The condition for stability is that the initial kinetic energy is less than the difference of potential energy between the initial state and the state in which the center of mass of the water is directly above $O$. In this way the bottle won't fall over.
The initial angular momentum is $L=mvh$, the moment of inertia around $O$ is $$ I_0 = \rho\int_0^b\!\!\!\!dx \!\int_0^d\!\!\!\!dy \!\int_0^w\!\!\!\!dz\,(x^2+z^2) = \frac{1}{3}(\rho\,bdw)(b^2+w^2)=\frac{1}{3}m(b^2+w^2) $$ and the initial kinetic energy is $K=L^2/2I_O$.
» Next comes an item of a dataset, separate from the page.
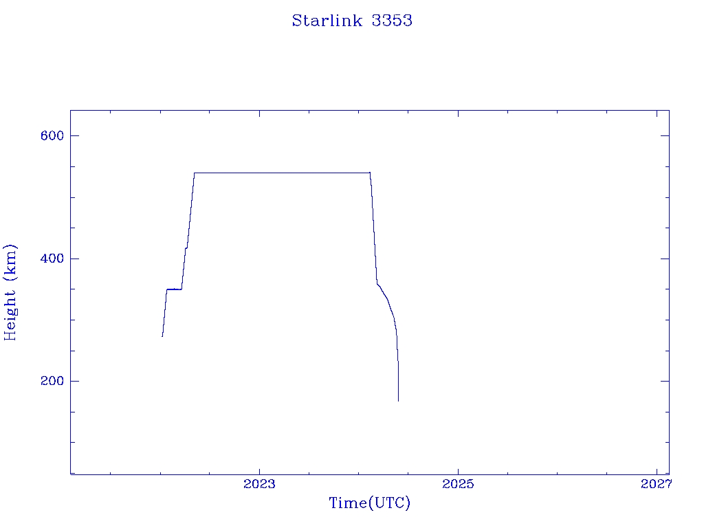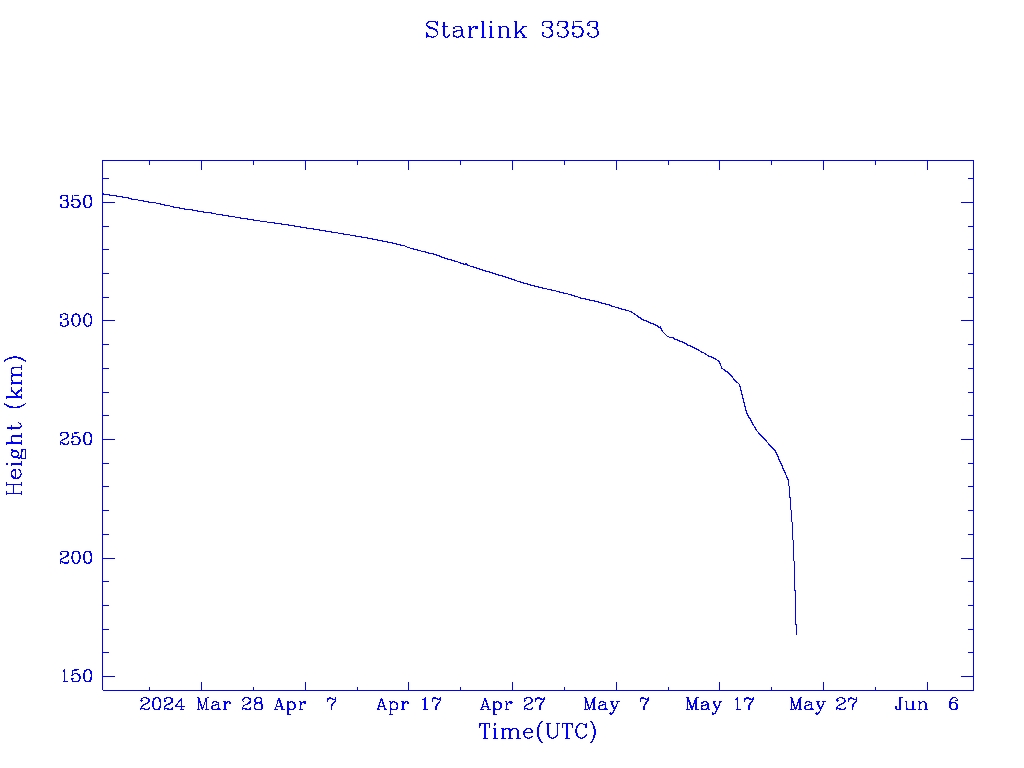 | Starlink 3353 | S50807 | R | 2022 Jan 6 | 2024 May 6? | 2024 May 24 |  |  |  |
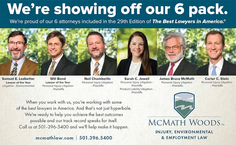 Six McMath Wood P.A. lawyers, including Carter C. Stein, Sarah C. Jewell, James Bruce McMath, Neil Chamberlin, Will Bond, and Samuel E. Ledbetter, were recently recognized by The Best Lawyers in America®️ in the 29th edition of the publication. Mr. Bond and Mr. Ledbetter were additionally recognized as “Lawyer of the Year” for their respective handling of Little Rock personal injury and environmental law cases.

The difference in potential energy is given by $$ \Delta U = mg\frac{(b^2+w^2)^{1/2}-w}{2} $$
The condition for stability can be shown to be $$ K<\Delta U \quad\iff\quad f\left(\frac{w}{b}\right) > \sqrt{\frac{3v^2}{gb}}\,\frac{h}{b} $$ where $$f(x)=\left(\left(1+x^2\right)\left(\left(1+x^2\right)^{1/2}-x\right)\right)^{1/2}$$
(the minimum is around $x = 0.58$ and has value $f(x)=0.88$; for large $x$ also $f(x)\approx 0.7\sqrt{x}$)
So the stability at first decreases when increasing the height of the water but then constantly increases. Also, if the r.h.s. of the stability condition is small enough, that is the ratio $h/b$ or the velocity of the bottle are small, the bottle will be stable for any given $w$.
My conclusion at the beginning of the answer comes from the fact that one should have at least $w \approx 1.5 b$ to have $f(x) > f(0)=1$.